By Amber M. Smith, Lindey C Lane, Tim van Opijnen, Stacie Woolard, Robert Carter, Amy Iverson, Corinna Burnham, Peter Vogel, Dana Roeber, Gabrielle Hochu, Michael D.L. Johnson, Jonathan A. McCullers, Jason Rosch, Amber M. Smith

Posted 04 Jun 2019
bioRxiv DOI: 10.1101/659557

Streptococcus pneumoniae (pneumococcus) is one of the primary bacterial pathogens that complicates influenza virus infections. These secondary infections increase influenza-associated morbidity and mortality through a number of immunological and viral-mediated mechanisms. However, little is known about how specific bacterial genes contribute to post-influenza pathogenicity. Thus, we used genome-wide transposon mutagenesis (Tn-Seq) to reveal bacterial genes conferring improved fitness in influenza infected hosts.

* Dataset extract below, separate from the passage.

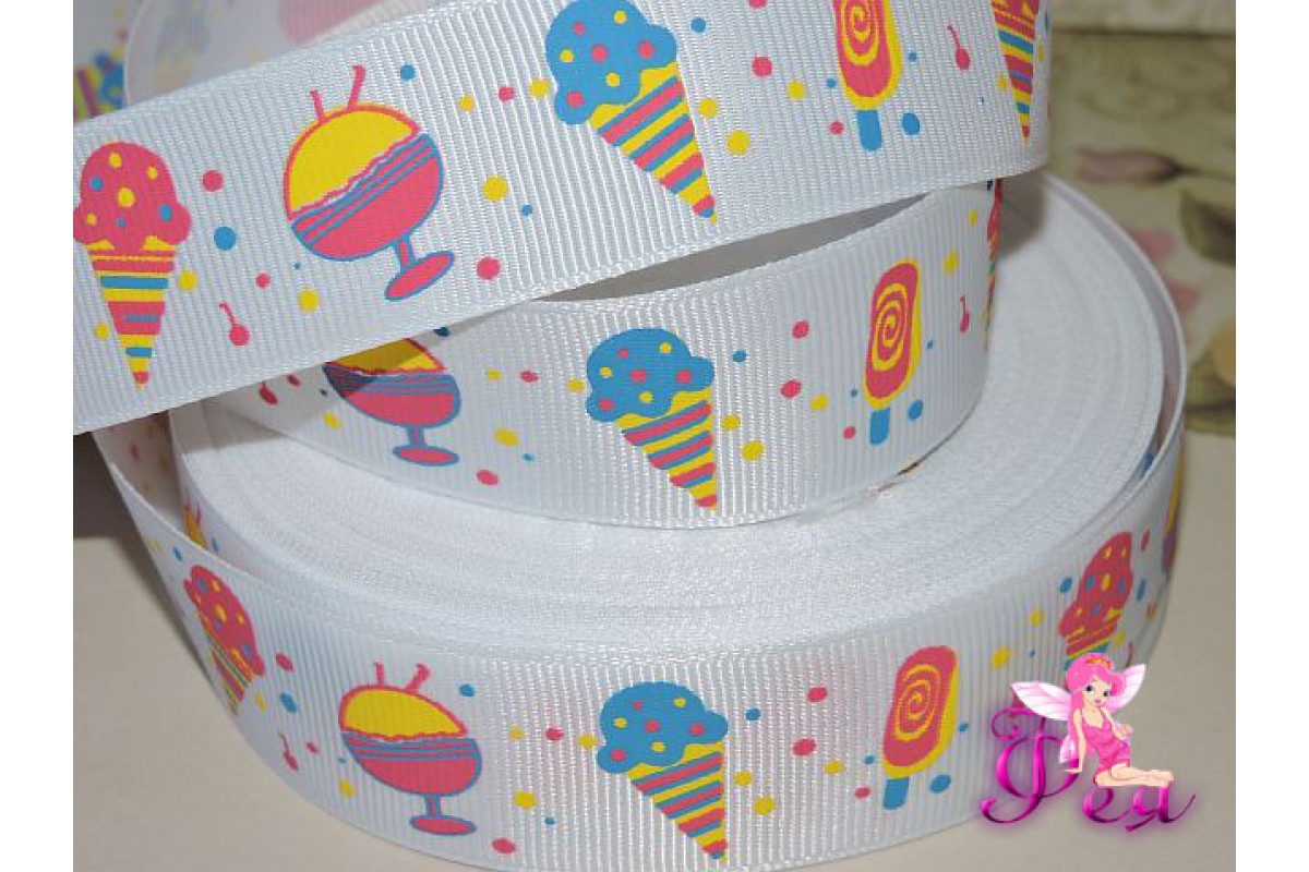 Лента репсовая 25 мм с рисунком "Мороженое" - 1м, 3019927, Китай, 25 мм

The majority of the 32 identified genes are involved in bacterial metabolism, including nucleotide biosynthesis, amino acid biosynthesis, protein translation, and membrane transport. We investigated five of the genes in detail: SPD1414, SPD2047 (cbiO1), SPD0058 (purD), SPD1098, and SPD0822 (proB). Single-gene deletion mutants showed slight growth attenuations in vitro and in vivo, but still grew to high titers in both naive and influenza-infected murine hosts. Despite high bacterial loads in the lung and sustained bacteremia, mortality was significantly reduced or delayed with each of the knockouts. Reductions in pulmonary neutrophils, inflammatory macrophages, and select proinflammatory cytokines and chemokines were observed at discrete times after coinfection with these bacterial mutants. Immunohistochemical staining also revealed altered neutrophil phenotype and distribution in the lungs of animals coinfected with knockouts. These studies demonstrate a critical role for specific bacterial genes in driving virulence and immune function during influenza-associated bacterial pneumonia.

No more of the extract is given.